Klinikumbau: Kreisräte fordern mehr Transparenz

15 Millionen Euro für Rochlitz und Mittweida - aber Details unbekannt

Rochlitz/Mittweida.

Die Klinik in Mittweida soll vergrößert und in Rochlitz ein ambulantes Zentrum eingerichtet werden. Zu Details, wann und wie das passieren soll, hält sich das Landratsamt Mittelsachsen bisher bedeckt.

Die Nachricht wurde Ende April von Landrat Matthias Damm (CDU) mit Freude verkündet: Mittelsachsen erhält für die Weiterentwicklung des Mittweidaer Krankenhauses und für den Aufbau eines Pflege- und Gesundheitszentrums in Rochlitz 15 Millionen Euro. Ziele sind der Abbau von Überkapazitäten und die Konzentration medizinischer Versorgungsstandorte. Im alten Rochlitzer Krankenhaus plant der Kreis die Einrichtung eines ambulanten Zentrums. Neben einer weiteren Pflegeeinrichtung - zusätzlich zur bestehenden Kurzzeitpflege - sollen Ärzte Praxen haben, und eine Apotheke einziehen. Dafür sind Umbauarbeiten nötig. Der Standort Mittweida soll vergrößert werden, um mehr Patienten aufnehmen und das Angebotsspektrum medizinischer Leistungen erweitern zu können.

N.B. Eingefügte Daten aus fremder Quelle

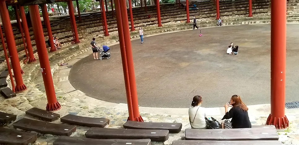 중요무형문화재 제43호인 수영야류, 수영 들놀이를 공연하는 놀이마당이 공원 북쪽 기슭에 자리해 있다. 전에는 탁 트인 공간이었는데 이번에 와보니 층계 자리에 지붕 덮개까지 말쑥해져 마당놀이 기분은 떨어졌다. 정월 대보름날 산신제(山神祭)와 함께 수영야류가 질탕하게 행해지곤 했는데 야류는 수영고적민속보존회가 주관했다. 직접 구경한 적이 있는 탈놀이는 수양반과 말뚝이의 능란한 재담이 박장대소하게 만들어 스트레스를 날려줬다. 하인 말뚝이가 독설과 신랄한 풍자로써 음흉한 양반의 이면상을 폭로하며 양반계급의 무능과 허세를 조롱하는 재담에 손바닥에서 불이 나게 손뼉을 쳤던 기억이 떠올랐다.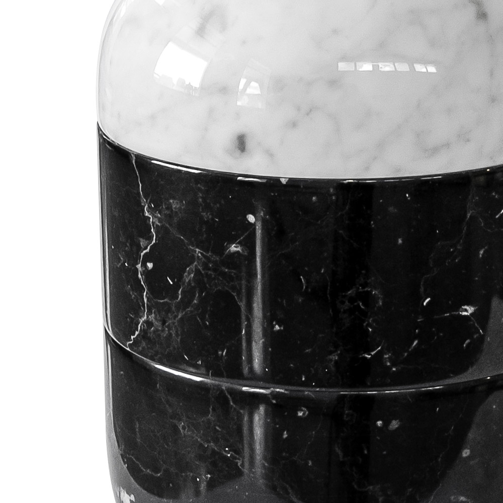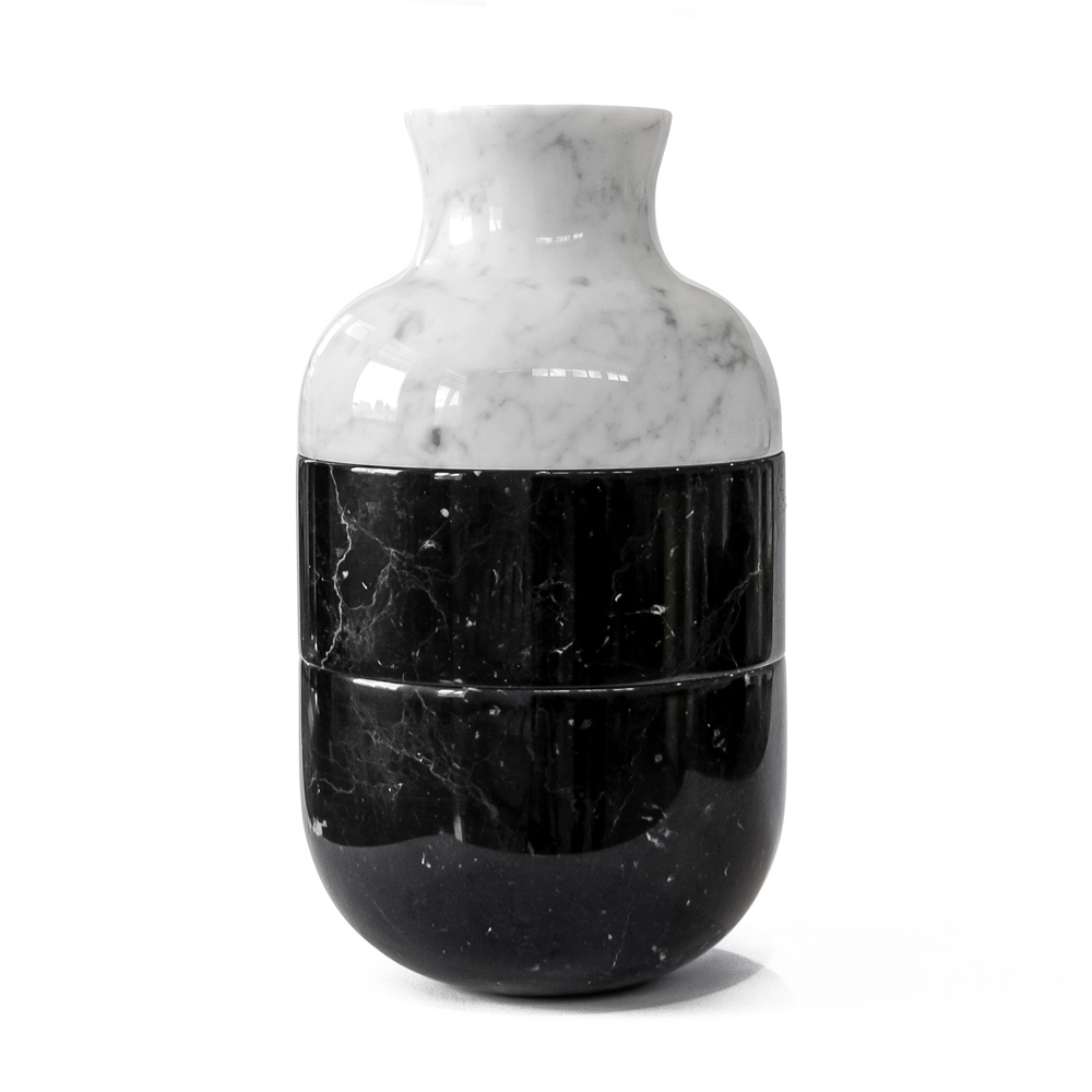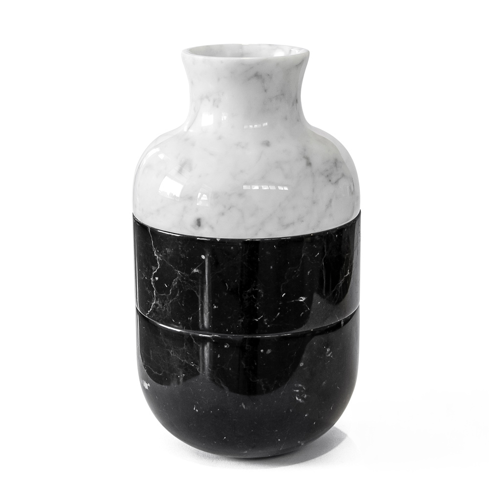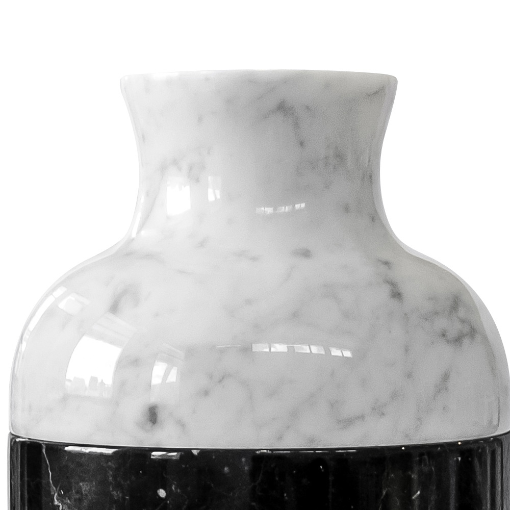 Denna dekorativa vas har en hantverksmässig och lyxig design uppdelad i 3 delar, helt gjord av vit Carrara och svart Marquinia satinmarmor.

Seither ist es still geworden um die kreiseigene Krankenhausgesellschaft LMK. "Es kann nicht sein, dass sich Herr Damm mit der Millionenförderung brüstet, aber nicht sagen möchte, wohin das Geld des Steuerzahlers fließt. Ich erwartet eine schnelle Information", sagt Grüne-Kreisrat Sebastian Walter. Trotz wiederholter Nachfrage gibt es keine Erklärung seitens der Kreis-Behörde. Man sei dabei, Planungsleistungen "zu beauftragen und ähnliches", teilte Kreissprecher André Kaiser mit. Kritik am Agieren der Kreisverwaltung kommt auch von der AfD. Als "intransparent" und "undemokratisch" bezeichnete Kreisrätin Romy Penz das Vorgehen. Gleichzeitig sorgt sie sich, dass für die LMK nach der Erweiterung nicht genug medizinisches Personal gefunden wird. "Wir haben im Gesundheitswesen einen Fachkräftemangel", sagte sie und hält an ihrer Kritik an den 2017 vorgenommenen Lohnkürzungen fest. Die Beschäftigten hatten auf einen Teil ihres Gehaltes verzichtet, damit die in wirtschaftliche Schieflage geratene LMK stabilisiert wird. Daran übt auch die Kreisvorsitzende der Linken, Marika Tändler-Walenta, Kritik. Jörg Woidniok, Chef der Kreistagsfraktion CDU/RB, zeigt indes Verständnis, dass die Ausreichung von finanziellen Mitteln seitens des Staates stets lange dauern würde. "Die Verfahren sind oft kompliziert und die Sommerzeit trägt nicht unbedingt zu einer raschen Bearbeitung bei."